The SEC’s Division of Corporation Finance (CorpFin) issued CF Disclosure Guidance: Topic No. 11, Special Purpose Acquisition Companies. The guidance provides CorpFin’s views on certain disclosure considerations for a special purpose acquisition company’s (SPAC’s) initial public offering (IPO) and subsequent business combination transactions.
The guidance highlights the importance of clear disclosures regarding potential conflicts of interest, as well as the nature of the economic interests in the SPAC held by its sponsors, directors, officers, and affiliates. The guidance also reminds SPACs to consider their disclosure obligations under the federal securities laws and provides a non-exhaustive list of considerations when providing such disclosures.
Initial public offering
Conflicts of interest
The guidance explains that conflicts of interest may arise since a SPAC’s sponsors, directors, and officers may also have fiduciary or contractual obligations to other entities and may not be working exclusively on behalf of the SPAC to identify acquisition targets. SPACs should clearly disclose any potential conflicts of interest, including describing whether any of the conflicts relating to other business activities include fiduciary or contractual obligations to other entities, how these dual obligations may affect the ability of the sponsors, directors, and officers to evaluate and present a potential business combination opportunity to the SPAC and its shareholders, as well as how any conflicts will be addressed.
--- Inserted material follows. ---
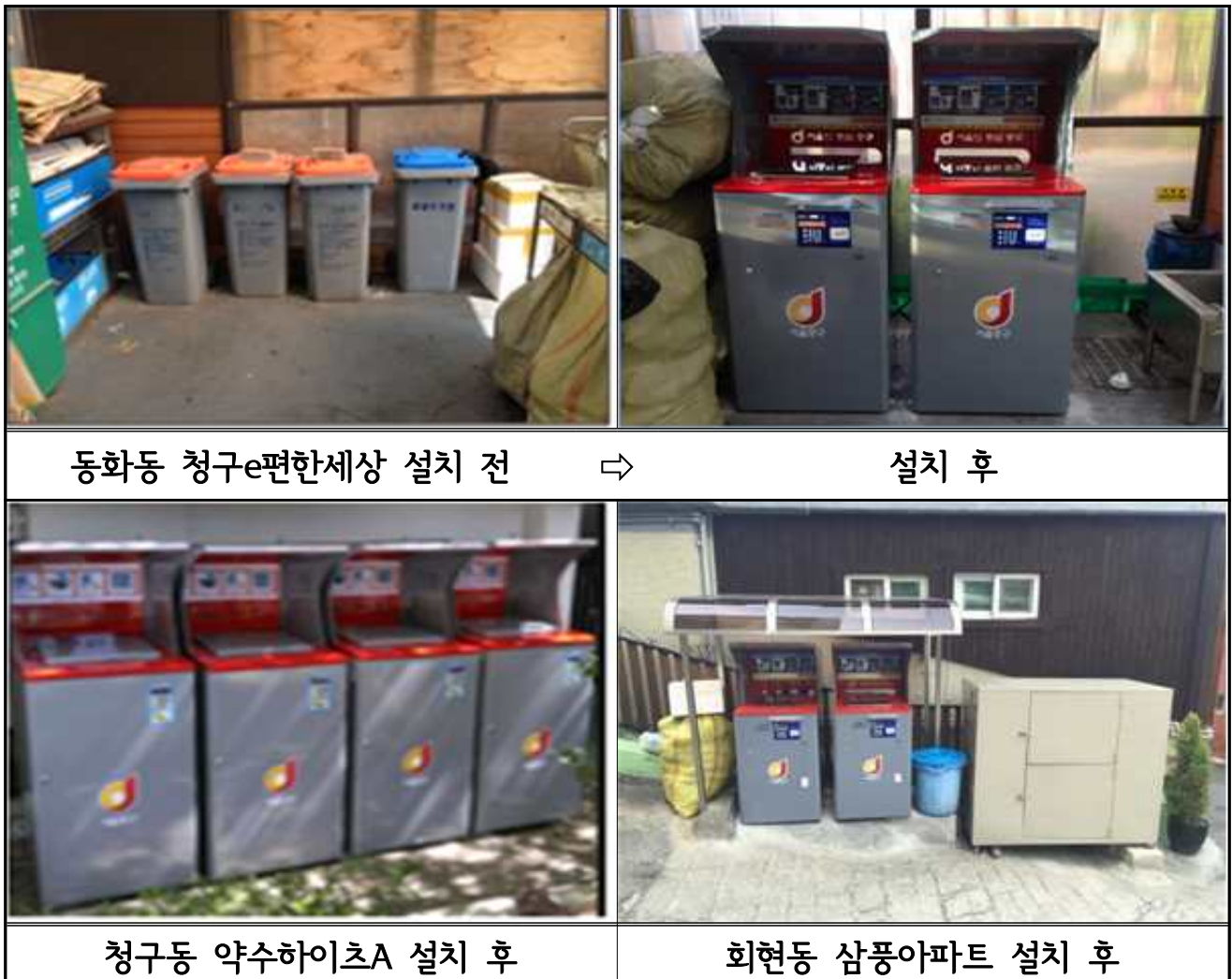
동화동 청구e편한세상 설치 전
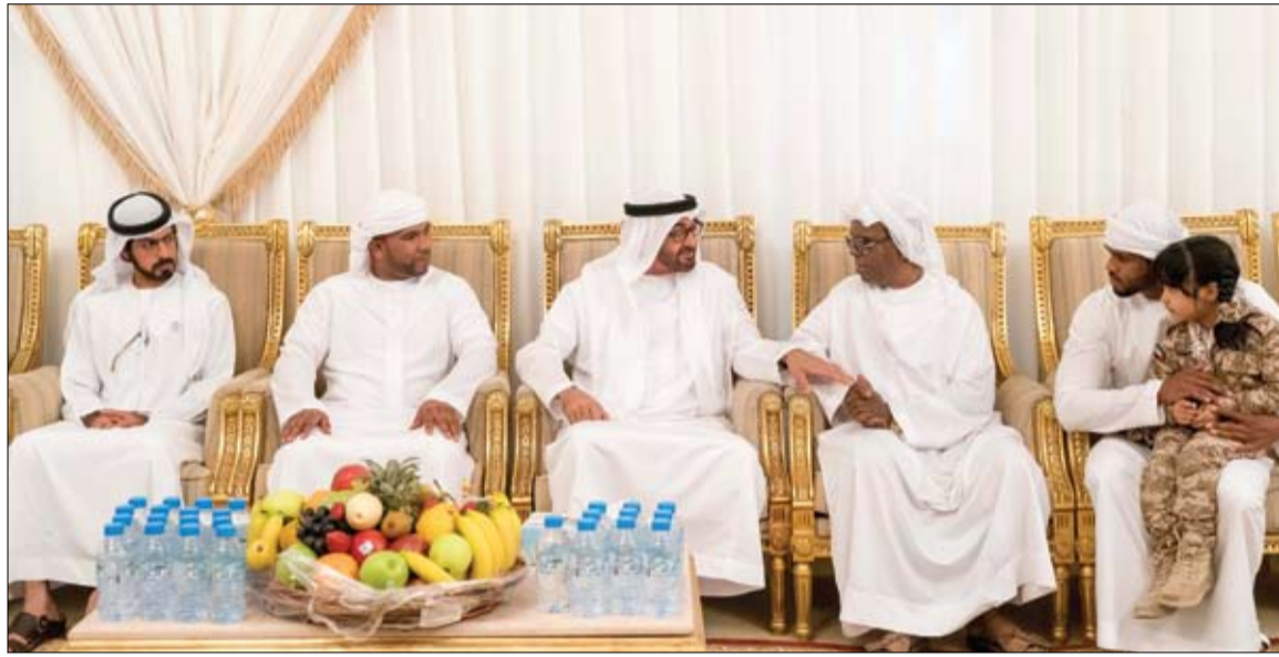
محمد بن زايد خلال تقديمه واجب العزاء إلى أسرة شهيد الوطن علي خليفة هاشل السماري

أبوظبي-وام: تحت رعاية صاحب السمو الشيخ محمد بن زايد آل نهيان ولي عهد أبوظبي نائب القائد الأعلى للقوات المسلحة .. كرم سمو الشيخ حامد بن زايد آل نهيان رئيس ديوان ولي عهد أبوظبي الهيئات والإساعات والشركات الفائزة بجائزة الشيخ خليفة للامتياز في دورتها 16 والتي بلغ عددها 33 هيئة وشركة. جاء ذلك خلال الحفل الذي أقامته غرفة تجارة وصناعة أبوظبي صباح أمس بحضور عدد من كبار المسؤولين وكلاء الدوائر وسفراء الدول الشقيقة والصديقة لدى الدولة وأعضاء مجلس إدارة غرفة تجارة وصناعة أبوظبي. (التفاصيل ص3)

Typically, a SPAC must complete a business combination transaction within a specific timeframe or it must be liquidated. CorpFin reminds SPACs that as they near the end of the specified timeframe, their available options may narrow, allowing acquisition targets significant leverage in negotiating acquisition terms. Accordingly, SPACs should consider disclosing the following information related to completing a business combination:
- Financial incentives of SPAC sponsors, directors, and officers, as well as losses that those parties might incur if the SPAC does not complete a business combination transaction
- The amount of control that the SPAC’s sponsors, directors, officers, and affiliates exercise over the approval of a business combination
- Whether and, if so, how the SPAC may amend provisions in its governing instruments or extend its timeframe to complete a business combination
- Balanced disclosure of prior SPAC experience by the sponsors, directors, officers, or affiliates
The guidance states that if the underwriter of the IPO elects to defer its compensation until the closing of the business combination transaction, the SPAC should consider disclosing (1) any additional services that the underwriter may provide, (2) whether compensation for the additional services is conditioned on the completion of the business transaction, and (3) any conflicts of interest the underwriter might experience in providing the additional services given the deferred compensation.
Generally, the economic terms of investments by the SPAC’s sponsors, directors, officers, and affiliates are different from those of the SPAC’s public shareholders. SPACs should consider disclosing the following information related to the financial incentives of their sponsors, directors, and officers:
- Securities owned, including the price paid; concurrent offerings of securities; and the difference between the price of securities previously sold and the IPO price
- Conflicts of interest as a result of securities ownership, compensation arrangements, and relationships with affiliated entities
- Compensation terms, including contingent compensation
Similarly to the economic investments, the terms of securities issued to SPAC sponsors are generally different from the terms of securities issued to the public, and may provide the sponsor with substantial control. This practice could be the same for securities sold in private offerings compared to those securities sold in the SPAC’s IPO. When a SPAC does issue such securities, it should consider disclosing (1) the terms of the securities held by its sponsors, directors, officers, and affiliates compared to the terms of the public shareholders’ securities, including the terms of any convertible debt and the risks to public shareholders; (2) whether the SPAC plans to obtain or has obtained additional funding and how the securities will differ; and (3) the terms of a forward purchase agreement and its impact on other shareholders.
Grant Thornton Insight:
While the concept of becoming a public company by merging with a SPAC is not new, there is currently growing interest in the practice. As noted by SPAC Analytics, total U.S. IPO proceeds from SPACs increased from 19 percent in 2019 to 46 percent in 2020.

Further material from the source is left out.